#### Information provided
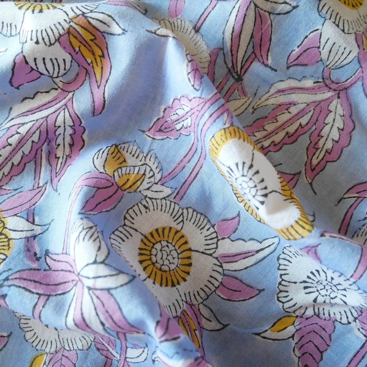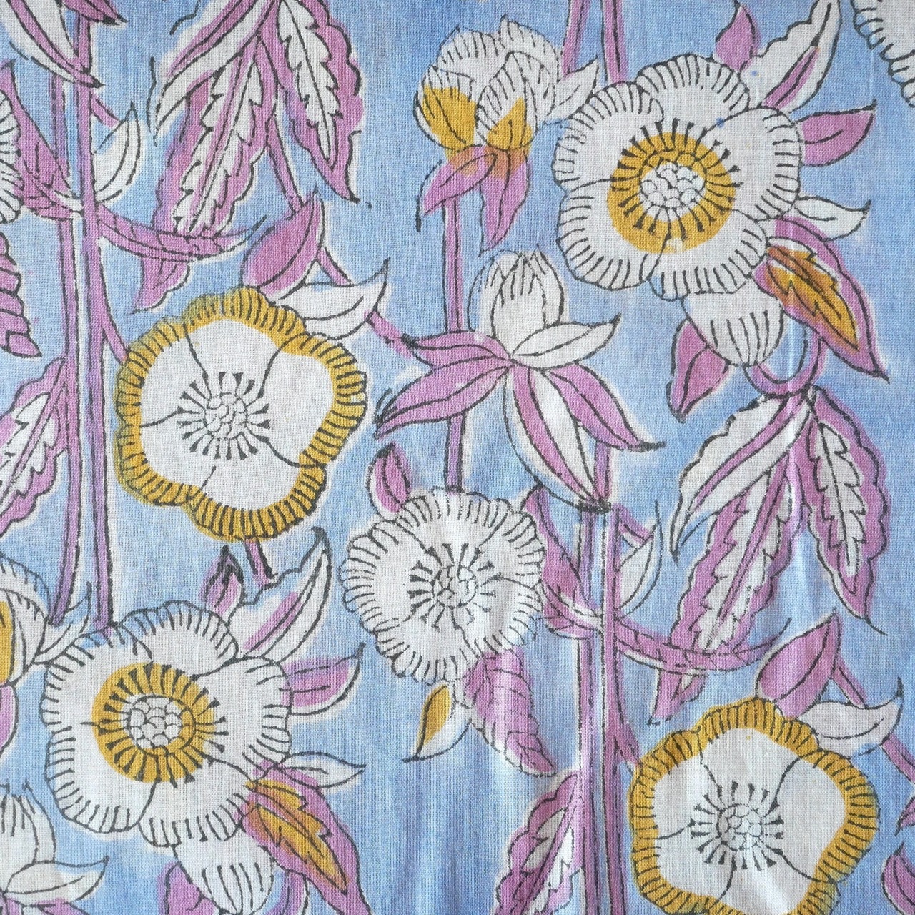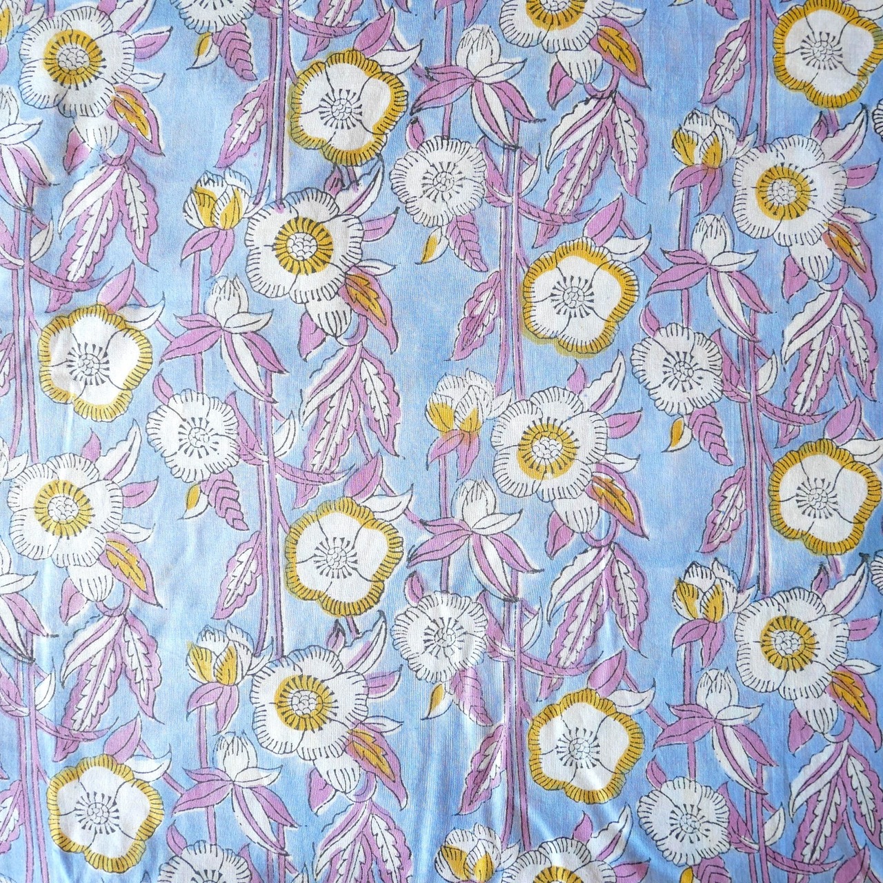 ハンドブロックプリント生地 インド更紗 綿生地 サックスブルー×紫とイエローの花模様 薄手コットン JE-250716
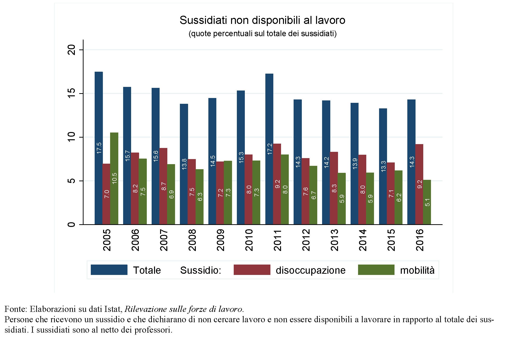 Bankitalia ha anche stimato la quota di sussidi che vanno a persone che non si attivano per la ricerca di un lavoro e che, nel 2016, valeva circa 1,7 miliardi di euro.
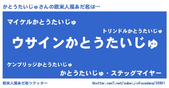 | 女子向けラノベタイトル風あだ名 | 『かとうたいじゅの卵を拾いまして』 |
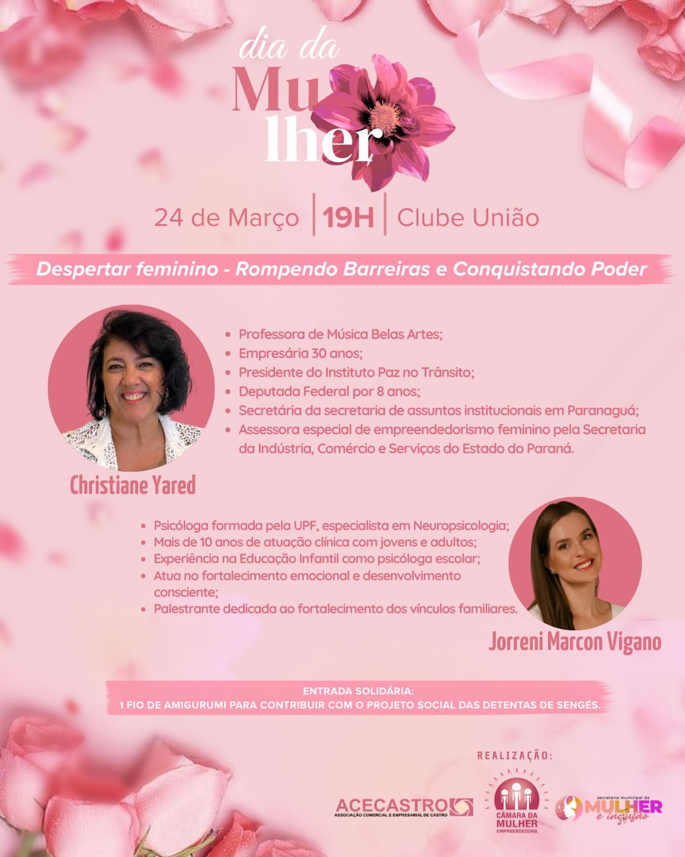Castro/Carambeí – A programação do “Março com Elas” segue movimentando a região dos Campos Gerais com ações voltadas à valorização e ao protagonismo feminino. Entre os destaques está a palestra sobre empreendedorismo feminino com a assessora da Secretaria de Estado da Indústria, Comércio e Serviços do Paraná, Christiane Yared, que cumpre agenda em dois municípios da região.
########
Give the data again exactly, without pictures.

 ハンドブロックプリント生地 インド更紗 綿生地 サックスブルー×紫とイエローの花模様 薄手コットン JE-250716
 Bankitalia ha anche stimato la quota di sussidi che vanno a persone che non si attivano per la ricerca di un lavoro e che, nel 2016, valeva circa 1,7 miliardi di euro.
 | 女子向けラノベタイトル風あだ名 | 『かとうたいじゅの卵を拾いまして』 |
Castro/Carambeí – A programação do “Março com Elas” segue movimentando a região dos Campos Gerais com ações voltadas à valorização e ao protagonismo feminino. Entre os destaques está a palestra sobre empreendedorismo feminino com a assessora da Secretaria de Estado da Indústria, Comércio e Serviços do Paraná, Christiane Yared, que cumpre agenda em dois municípios da região.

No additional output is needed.